The United Nations mission in Afghanistan called for an immediate ceasefire. In a statement, it expressed its “deepest condolences to the families of those killed” and said it was “an airstrike carried out by Pakistan military forces (that) impacted the Omid Addiction Treatment Hospital,” adding that it was a health care facility for treating drug-addicted individuals and that dozens of whom were “reportedly killed and injured.” UN human rights spokesperson Thameen Al-Kheetan called for an investigation and said those responsible must be “held to account in line with international standards,” adding in Geneva that since Afghanistan and Pakistan began fighting in late February, 289 Afghan civilians, including 104 children, had been killed or injured and tens of thousands displaced.

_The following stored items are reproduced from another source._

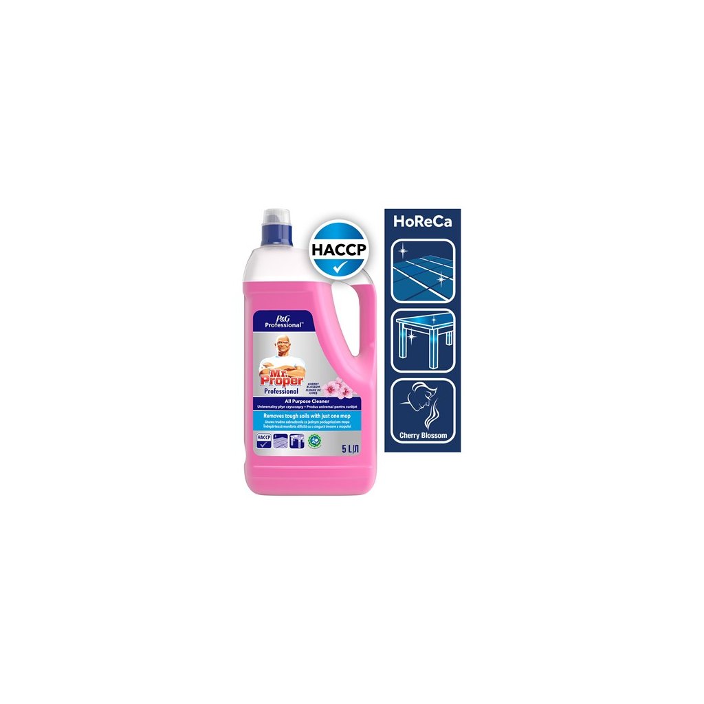 Univerzální profesionální čisticí prostředek Mr. Proper Professional na podlahy a omyvatelné povrchy. Může být použitý ředěný i neředěný. V případě použití zředěného produktu není potřeba další oplachování. Perfektně čistí a odstraňuje nečistoty i mastnotu a s odolnou špínou bojuje až o 40 % rychleji. Zanechává dlouhotrvající lesk a svěží, příjemnou vůni třešňového květu.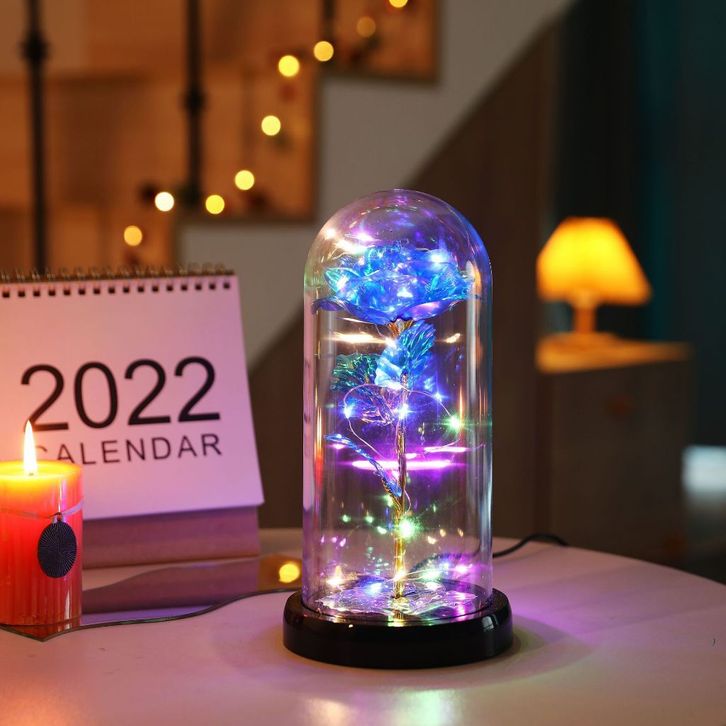 Lampu Led Bunga Mawar Lampu Mawar Dekorasi Rose Hampers Pajangan Kado Hiasan Ruangan Kamar Glass Dome Glassdom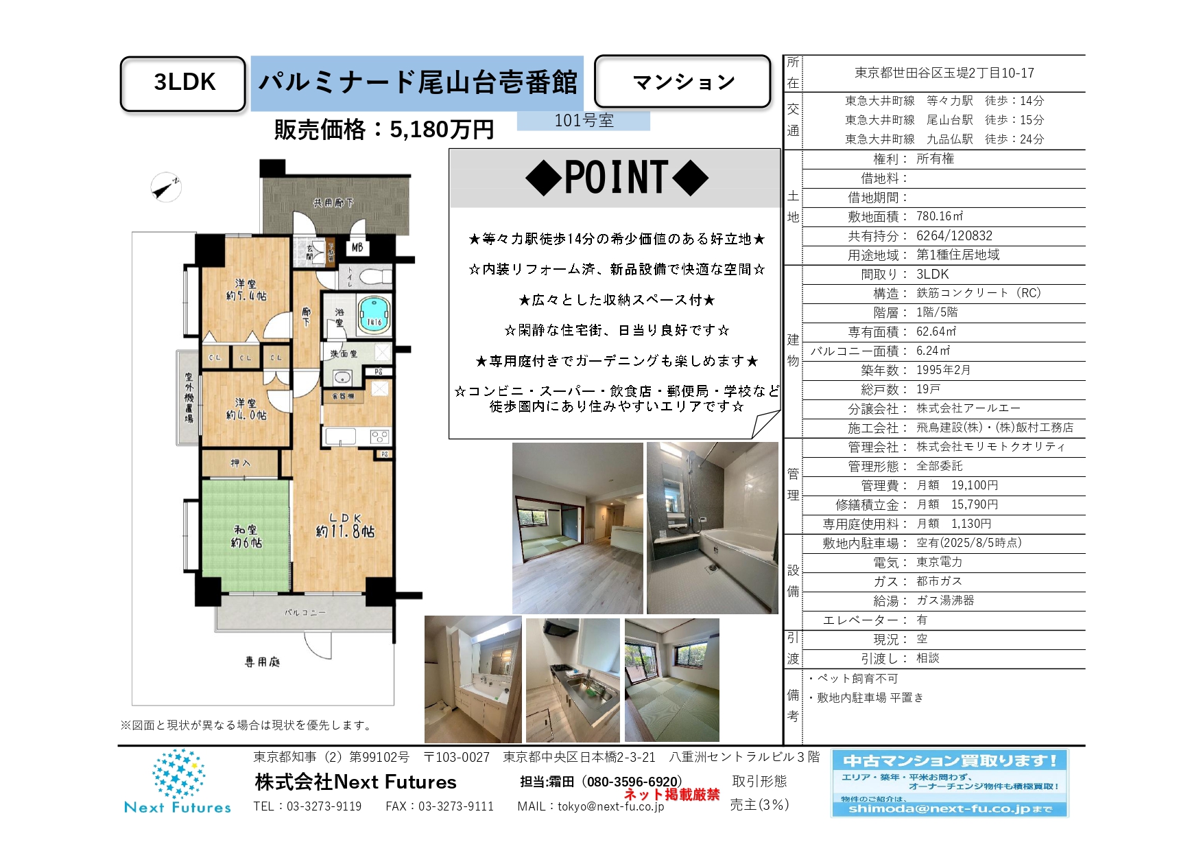 パルミナード尾山台壱番館1階専用庭付き リフォーム実施物件販売開始致しました!!

Pakistan’s Information Minister Attaullah Tarar rejected Afghanistan’s accusations that Pakistan targeted a hospital, calling them “entirely baseless.” Tarar said Pakistan targeted facilities “being directly or indirectly used to plan, facilitate, shelter, train or abet terrorist attacks inside Pakistan,” and he said strikes in Kabul and the eastern Afghan province of Nangarhar were “precise, deliberate and professional,” adding that “No hospital, no drug rehabilitation center, and no civilian facility was targeted.”
The AP report said the fighting is the most severe between the two neighbors since late February, when Afghanistan launched cross-border attacks in response to Pakistani airstrikes. It also said the clashes disrupted a ceasefire brokered by Qatar in October after earlier fighting killed dozens of soldiers, civilians and suspected militants, and that Pakistan has declared it is in “open war” with Afghanistan.